[EXCERPTED DATA — start]
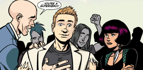With the demon gone, the party revellers all turn towards Andrew, stunned. Clive is the first to his side, throwing his arm around Andrew’s shoulders. “Dude, you saved us all! The potion worked – for the first time, ever! – Look at you, man, you turned into your perfect self… You’re a superhero!”
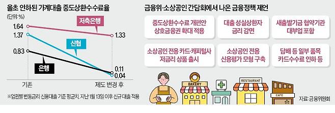 농협, 수협, 새마을금고 등 상호금융업권의 대출 중도상환수수료가 올 하반기 대폭 인하된다. 금융위원회가 소상공인 현장 간담회에서 들은 의견을 발 빠르게 정책으로 추진하면서다. 지역 밀착형 서민금융기관인 상호금융업권이 중도상환수수료 인하에 동참하며 소상공인에게 상당한 혜택이 돌아갈 것으로 예상된다. 일각에선 새 정부 초기에 금융당국 정책이 소상공인 지원에 집중되면서 다른 과제들이 후순위로 밀려나고 있다는 지적도 나온다.
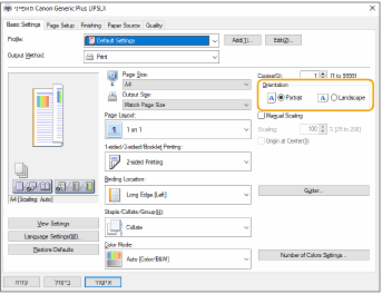 2 | במסך [Basic Settings] של מנהל המדפסת, הגדר את [Orientation] לאותו כיוון שהגדרת בשלב 1. ![]() |
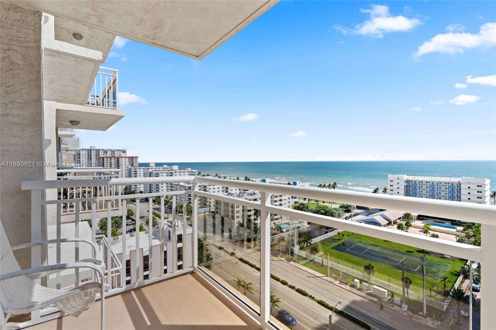 ACT NOW! Experience spectacular ocean views from this 15th-floor home in the sky. This spacious 2-bedroom, 2-bath residence offers dazzling sunrises and an open living area framed by a wall of floor to ceiling windows for a breathtaking view. The primary suite features a generous walk in closet and a beautifully updated bath. Enjoy lovely laminate wood floors throughout, in unit storage closet, and a large glass balcony with hurricane impact doors. The kitchen and guest bath are ready for your personal design flair.. Amenities include a well-equipped fitness center, heated pool, 24-hour security, on-site manager, bike and storage lockers. Just steps from the ocean, minutes to the Hollywood Broadwalk, and only 15 minutes from the airport. Small pet welcome.
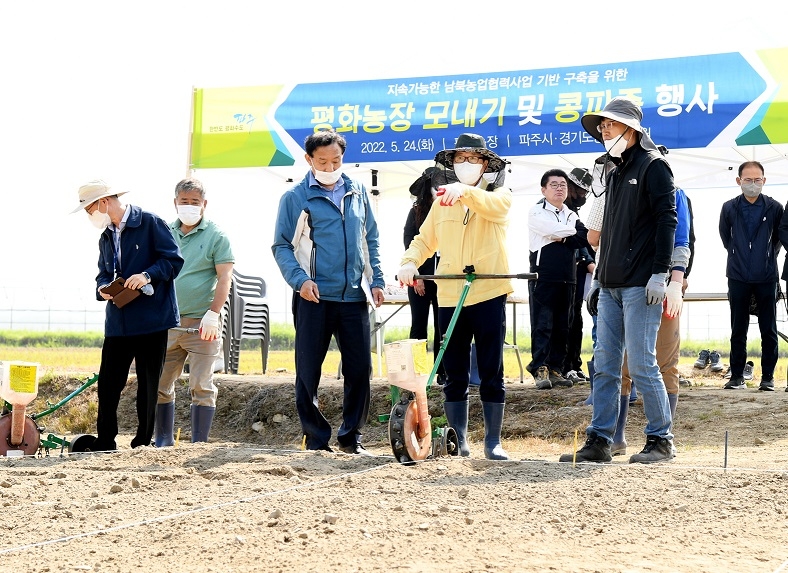 파주시는 남북농업협력사업 일환으로 시험재배 작물의 북한지역에서의 적응성 확인을 위해 24일 장단면 거곡리 평화농장에서 시험재배 작물 모내기 및 콩파종 행사를 실시했다고 밝혔다.
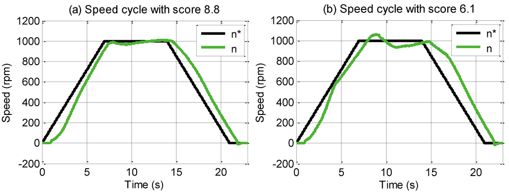 - First, the students take turns to drive the “virtual electric vehicle”. They must follow a certain urban driving cycle by controlling the drive speed via the accelerator and brake pedals. This urban cycle lasts for one minute and consists in a few accelerations and brakings. In order to increase motivation, each student is given a score that values their performance as drivers once the driving cycle is finished (see example in Figure 9).
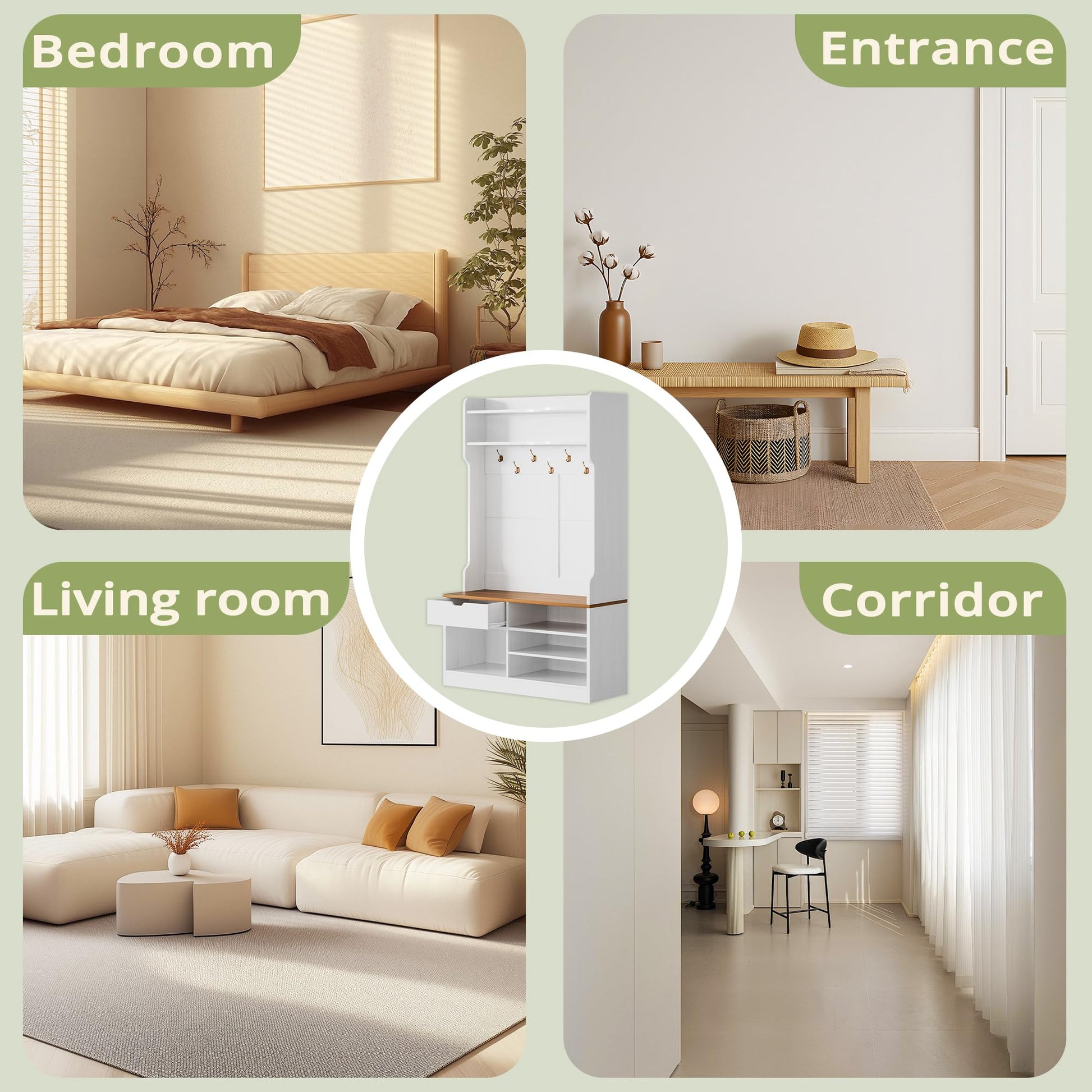 - Modern Design: Classical white finish complements any entryway décor
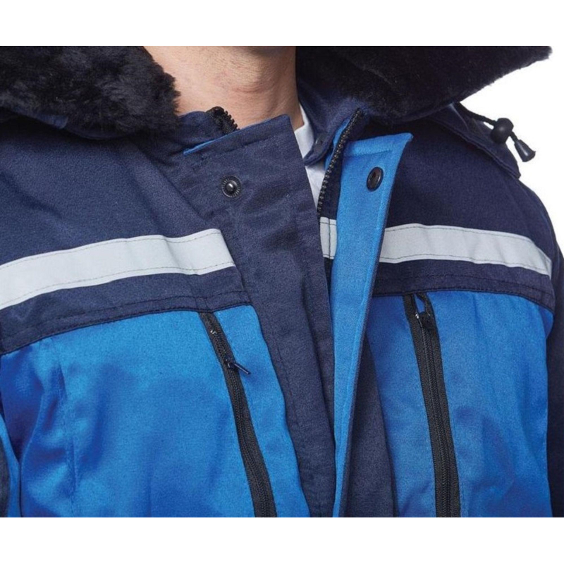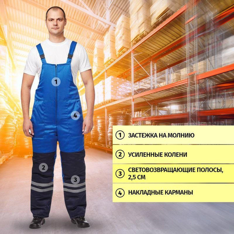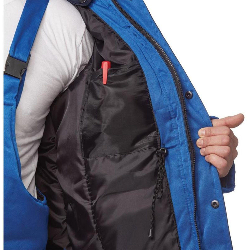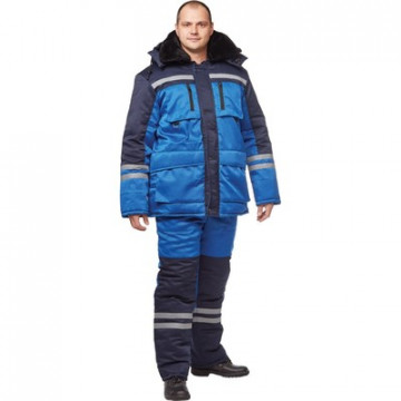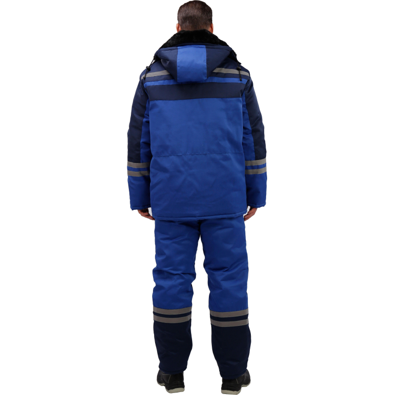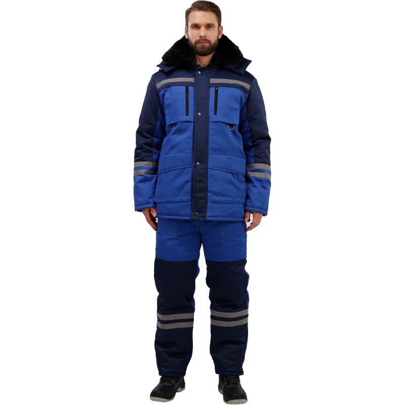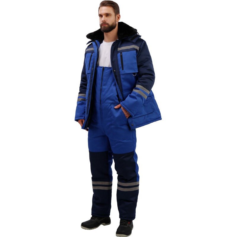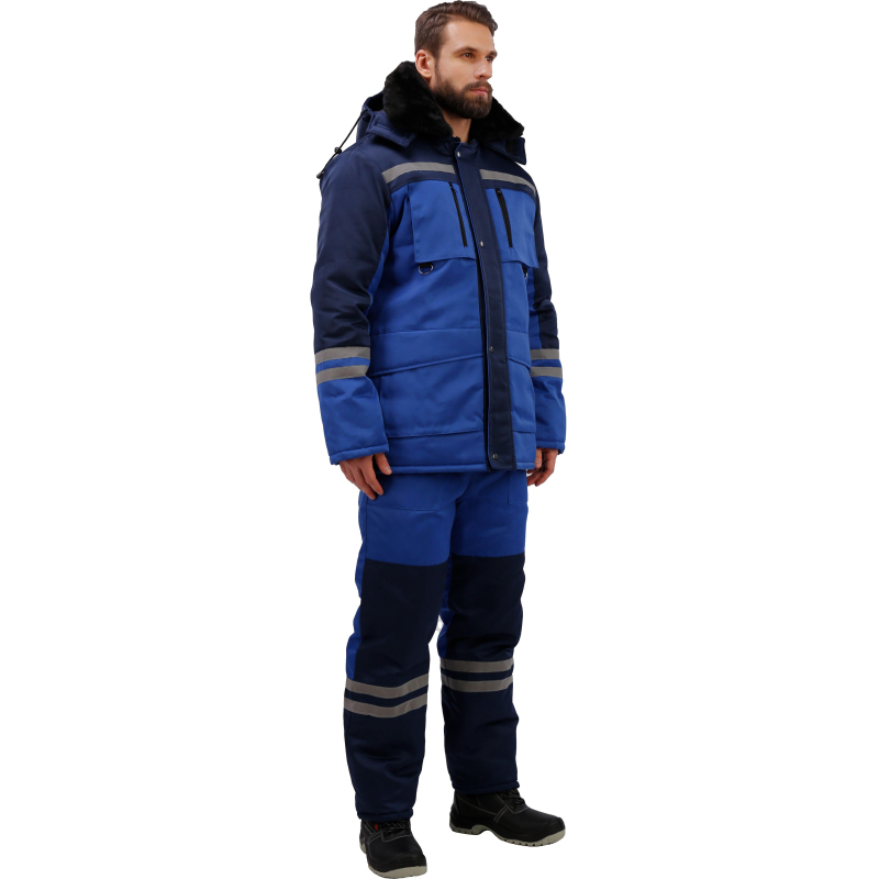 Спецодежда зимняя, костюм мужской модели з03-КПК. Состоит из куртки и полукомбинезона. Размер 52-54, рост 170-176. Изготовлен из смесовой ткани с водоотталкивающей пропиткой (80% полиэстер, 20% хлопок), плотность ткани - 190 г/кв.м. Утеплитель из синтепона, плотностью - 360 г/кв.м (основа) и 240 г/кв.м (руки/ноги). Технология изготовления термоскрепленного синтепона (евросинтепона) позволяет использовать данный утеплитель для создания более тонких изделий с сохранением термозащитных свойств. Важными преимуществами утеплителя являются легкость и хорошая пластичность, что улучшает подвижность в костюме. А также исключение миграции волокна через ткани верха и подкладки за счет скрепления слоев. Материал подкладки - 100% полиэстер. Светоотражающая полоса размещена на груди, спине, рукавах, а также внизу полукомбинезона. Куртка с центральной застежкой на молнию, двумя ветрозащитными клапанами, съемным утепленным капюшоном, нижними прорезными и верхними накладными карманами. Полукомбинезон классического покроя с усилением в области колен и молниями по низу боковых швов. Костюм обеспечивает защиту от пониженных температур и производственных загрязнений. Рекомендуется использовать в сельском хозяйстве, логистики, легкой промышленности, строительстве. Соответствует стандартам ГОСТ 12. 4. 303-2016, ТР ТС 019/2011. Законодательные и технические документы
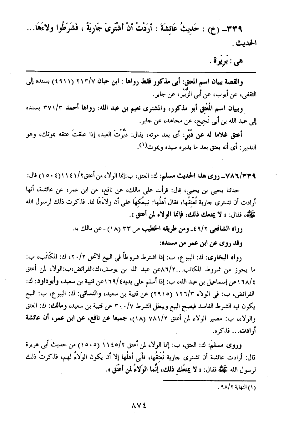 339- (خ): حديث عائشة: أردت أن أشتري جاريةً، فشرطوا ولاءها .. .. الحديث.
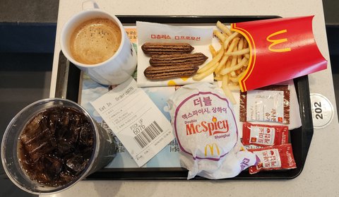 (사진3 설명) 저는 오늘(2025.04.04(금)) 미국 트럼프 대통령께서도 좋아하시는 맥도날드 햄버거를 먹기위해 근처에 있는 맥도날드 매장에 들른 후 '더블 맥스파이시 상하이'를 점심식사했습니다. '더블 맥스파이시 상하이' + 코카콜라 + 감자튀김 + 아메리카노 커피 + 'I love 츄러스' <-- Good! <촬영정보: 셔터속도 1/180s, 초점거리 23mm, 조리개 f1.8, 촬영감도 ISO 160, 삼성 Galaxy S22 Ultra 렌즈 사용, 촬영일자 2025.04.04(금) 오후 13:04, 최대우 촬영, 주소: 서울시 송파구 도곡로 434(잠실동)>
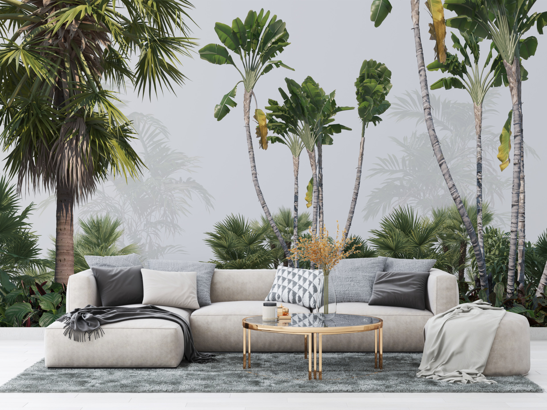 Nástěnná malba tropické zeleně a mlhy
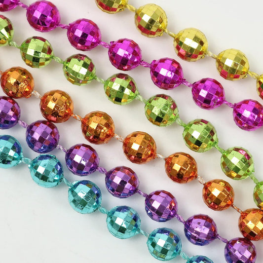 GIFTEXPRESS 33" Mardi Gras Beads Necklaces, Metallic Assorted Neon Color Disco Ball Beaded Necklace (Pack of 12)
[EXCERPTED DATA — finish]
Reproduce every entry exactly, but omit each picture.

With the demon gone, the party revellers all turn towards Andrew, stunned. Clive is the first to his side, throwing his arm around Andrew’s shoulders. “Dude, you saved us all! The potion worked – for the first time, ever! – Look at you, man, you turned into your perfect self… You’re a superhero!”
 농협, 수협, 새마을금고 등 상호금융업권의 대출 중도상환수수료가 올 하반기 대폭 인하된다. 금융위원회가 소상공인 현장 간담회에서 들은 의견을 발 빠르게 정책으로 추진하면서다. 지역 밀착형 서민금융기관인 상호금융업권이 중도상환수수료 인하에 동참하며 소상공인에게 상당한 혜택이 돌아갈 것으로 예상된다. 일각에선 새 정부 초기에 금융당국 정책이 소상공인 지원에 집중되면서 다른 과제들이 후순위로 밀려나고 있다는 지적도 나온다.
 2 | במסך [Basic Settings] של מנהל המדפסת, הגדר את [Orientation] לאותו כיוון שהגדרת בשלב 1. ![]() |
 ACT NOW! Experience spectacular ocean views from this 15th-floor home in the sky. This spacious 2-bedroom, 2-bath residence offers dazzling sunrises and an open living area framed by a wall of floor to ceiling windows for a breathtaking view. The primary suite features a generous walk in closet and a beautifully updated bath. Enjoy lovely laminate wood floors throughout, in unit storage closet, and a large glass balcony with hurricane impact doors. The kitchen and guest bath are ready for your personal design flair.. Amenities include a well-equipped fitness center, heated pool, 24-hour security, on-site manager, bike and storage lockers. Just steps from the ocean, minutes to the Hollywood Broadwalk, and only 15 minutes from the airport. Small pet welcome.
 파주시는 남북농업협력사업 일환으로 시험재배 작물의 북한지역에서의 적응성 확인을 위해 24일 장단면 거곡리 평화농장에서 시험재배 작물 모내기 및 콩파종 행사를 실시했다고 밝혔다.
 - First, the students take turns to drive the “virtual electric vehicle”. They must follow a certain urban driving cycle by controlling the drive speed via the accelerator and brake pedals. This urban cycle lasts for one minute and consists in a few accelerations and brakings. In order to increase motivation, each student is given a score that values their performance as drivers once the driving cycle is finished (see example in Figure 9).
 - Modern Design: Classical white finish complements any entryway décor
 Спецодежда зимняя, костюм мужской модели з03-КПК. Состоит из куртки и полукомбинезона. Размер 52-54, рост 170-176. Изготовлен из смесовой ткани с водоотталкивающей пропиткой (80% полиэстер, 20% хлопок), плотность ткани - 190 г/кв.м. Утеплитель из синтепона, плотностью - 360 г/кв.м (основа) и 240 г/кв.м (руки/ноги). Технология изготовления термоскрепленного синтепона (евросинтепона) позволяет использовать данный утеплитель для создания более тонких изделий с сохранением термозащитных свойств. Важными преимуществами утеплителя являются легкость и хорошая пластичность, что улучшает подвижность в костюме. А также исключение миграции волокна через ткани верха и подкладки за счет скрепления слоев. Материал подкладки - 100% полиэстер. Светоотражающая полоса размещена на груди, спине, рукавах, а также внизу полукомбинезона. Куртка с центральной застежкой на молнию, двумя ветрозащитными клапанами, съемным утепленным капюшоном, нижними прорезными и верхними накладными карманами. Полукомбинезон классического покроя с усилением в области колен и молниями по низу боковых швов. Костюм обеспечивает защиту от пониженных температур и производственных загрязнений. Рекомендуется использовать в сельском хозяйстве, логистики, легкой промышленности, строительстве. Соответствует стандартам ГОСТ 12. 4. 303-2016, ТР ТС 019/2011. Законодательные и технические документы
 339- (خ): حديث عائشة: أردت أن أشتري جاريةً، فشرطوا ولاءها .. .. الحديث.
 (사진3 설명) 저는 오늘(2025.04.04(금)) 미국 트럼프 대통령께서도 좋아하시는 맥도날드 햄버거를 먹기위해 근처에 있는 맥도날드 매장에 들른 후 '더블 맥스파이시 상하이'를 점심식사했습니다. '더블 맥스파이시 상하이' + 코카콜라 + 감자튀김 + 아메리카노 커피 + 'I love 츄러스' <-- Good! <촬영정보: 셔터속도 1/180s, 초점거리 23mm, 조리개 f1.8, 촬영감도 ISO 160, 삼성 Galaxy S22 Ultra 렌즈 사용, 촬영일자 2025.04.04(금) 오후 13:04, 최대우 촬영, 주소: 서울시 송파구 도곡로 434(잠실동)>
 Nástěnná malba tropické zeleně a mlhy
 GIFTEXPRESS 33" Mardi Gras Beads Necklaces, Metallic Assorted Neon Color Disco Ball Beaded Necklace (Pack of 12)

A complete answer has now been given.